I look forward to each post, Joy and wish you well. So jealous of the walks on the beach. I left So Cal 24 years ago to live in the foothills of the Sierra Nevada Mts. I don’t regret the move, but do so very much miss the beaches!
Theresa
Feeling a little barefoot & beads today. Need a little less strain in my life, so, I’m thinking ( yes that’s dangerous before coffee) that only blending half is good. Leave some mixed up chunks swirling around – just like life.
Ashley
What a unique combination! Sounds like the epitome of summer in a bowl. Love!
Byn
first of all, i seem to always catch a summer cold in august, so this is bookmarked for when that happens.
second of all, you and tracy have me saying DANG all the time now. said it in front of my 4 year old niece yesterday and she thought it was a bad word! ha!
Averie @ Averie Cooks
I have the Clinton St Bakery Cookbook (that I ordered b/c you mentioned how much you like it) and when I was thumbing through it, I though, yep, this is so Joy!
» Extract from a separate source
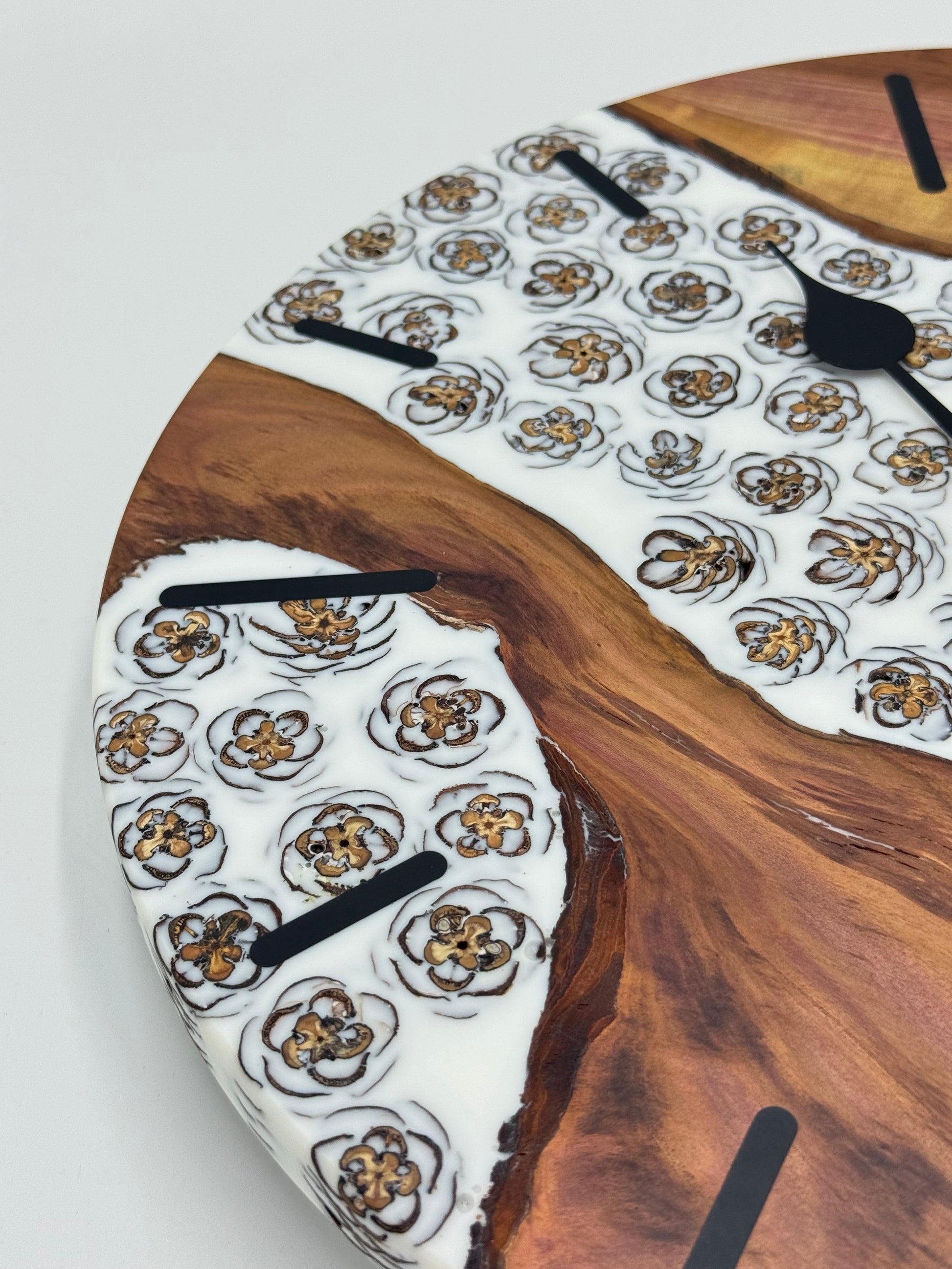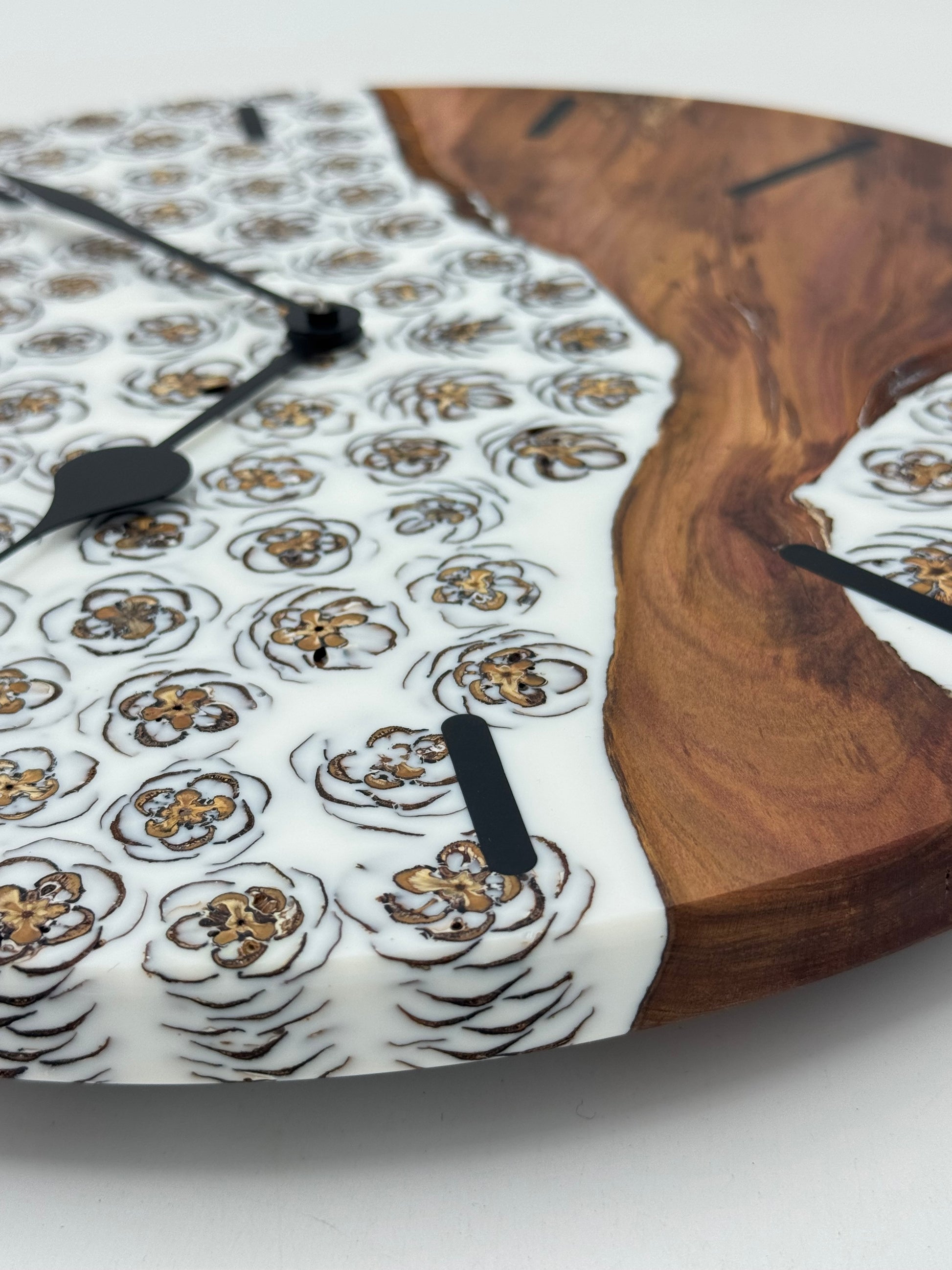 Bringen Sie zeitlose Eleganz mit unseren handgefertigten Holz- und Epoxidharz-Wanduhren in ihr Zuhause! Jede Uhr wird in einer kleinen Manufaktur im Chiemgau, Bayern individuell gefertigt, wodurch ein einzigartiges Kunstwerk entsteht.

And this soup, this is so me! I need to make it, asap!
Holly
mmmmmmmm. Looks lovely. I wish there was a way to make soup with out a blender.
PS I totally used to stir my ice cream to soup too.
Anitajoye
we are crazy soup lovers, eating soup almost every day, fall through spring. but a summer soup can be delightful, especially after a weekend of wine, cheese and too much bread.
cindy
sometimes you just need soup, even if it’s summer….and a good wander works magic. AND….I just posted a zucchini + tomato recipe, almost food twins!
Nicole @ the Dirty oven
Sweaty back hug at ya! Loves!
Tyler
You have the most Beautiful Table Clothes, Dish Towels and Crockery. Plus your food has now made me hungry.
I can almost smell it, it looks so good.
Michelle Torres
Anything made in my kitchen is a de-stresser but soup like this is a must! I can not wait to make this soup.. Like the idea of tater tots, I am thinking mini grilled cheese bites might be a thing to try too! Yum!!!